Erskineville is an inner-city suburb of Sydney, in the state of New South Wales, Australia. It is located 6 kilometres south west of the Sydney central business district and is part of the local government area of the City of Sydney. Erskineville is a diverse suburb homing to a wide variety of ethnicity from its varying Southeast Europe and Aboriginal community. Erskineville is colloquially known as Erko.

Erskineville is bordered by the suburbs of Newtown to the west, Redfern to the north, St Peters to the south, and Alexandria to the east. The locality of Macdonaldtown sits over the north-west border.

Erskineville is a residential suburb. Erskineville Oval is located on the eastern border of the suburb.

History

The suburb was originally called after an earlier subdivision in 1846 in the south of Erskineville owned by Stephen Macdonald.

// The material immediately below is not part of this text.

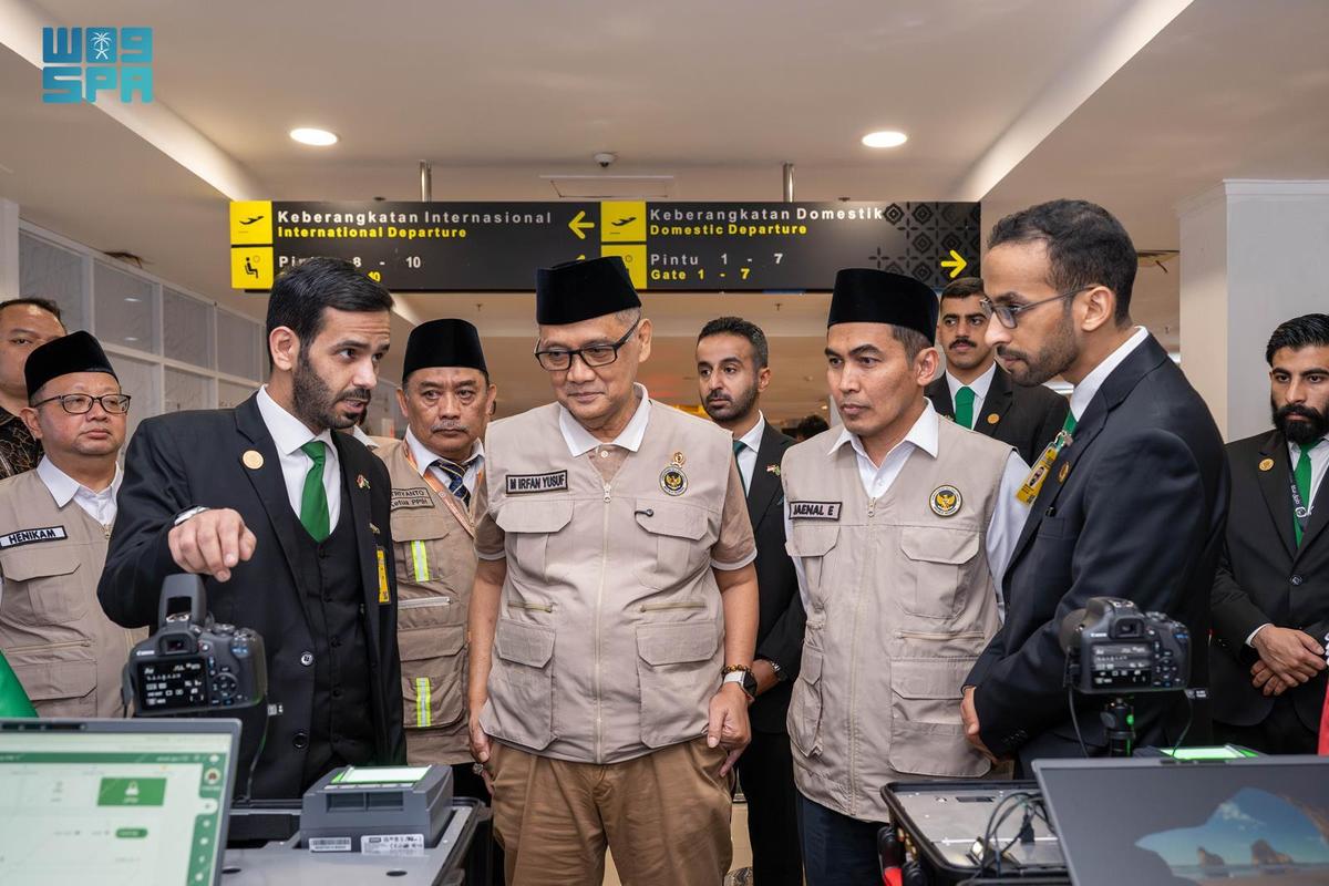 وزير الحج والعمرة بجمهورية إندونيسيا يزور صالة “مبادرة طريق مكة” في مطار أديسومارمو الدولي

The streets around the early Macdonaldtown subdivision are named after relations of the Macdonald family - Amy, Flora, Eve, Coulson and Rochford. Knight Street is named for Henry Knight, one of the earliest brickmakers in the district and the first mayor of Macdonaldtown. Devine Street is named for the first grant holder, Nicholas Devine, the first principal superintendent of convicts. He called his property Burren Farm, after a region of County Clare in his native Ireland.

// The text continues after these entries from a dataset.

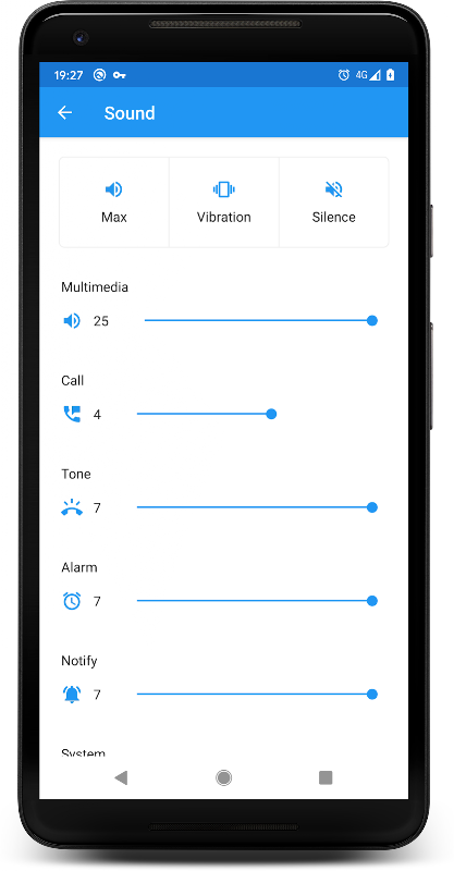 * Control or customize multimedia sound, call, tone, alarm and notifications.
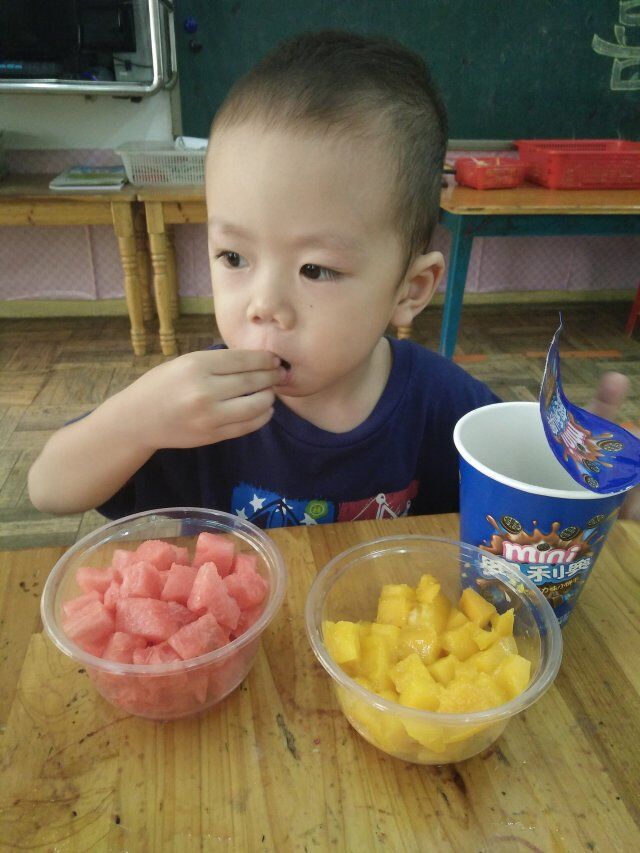 在美妙的音乐中,小朋友开心的吃着他们喜欢吃的食物。我们一起来看看他们可爱的样子吧
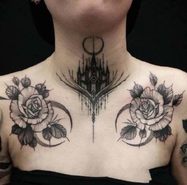 女性大花胸纹身_43张霸气漂亮的女性大花胸纹身图案作品

Erskineville is named after Erskine Villa, the home of Wesleyan minister, Reverend George Erskine, built in 1830. After changing owners a few times, the property was eventually left to the Church of England and became the rectory for the Holy Trinity Church at Macdonaldtown (it was demolished in 1961 after serving as the rectory for eighty years).

The area was first incorporated on 23 May 1872, with the name of the "Municipal District of Macdonald Town" (but was variously known as the "Borough of Macdonald Town" or the "Municipality of Macdonaldtown"). On 19 July 1872, the first council, consisting of six aldermen in one electorate, was elected (Charles Brandling Henderson, Henry Knight, James Bryan, Alexander Swanson, William Irwin and James Heighington), with Henry Knight elected as the first mayor at the first meeting on 23 July 1872.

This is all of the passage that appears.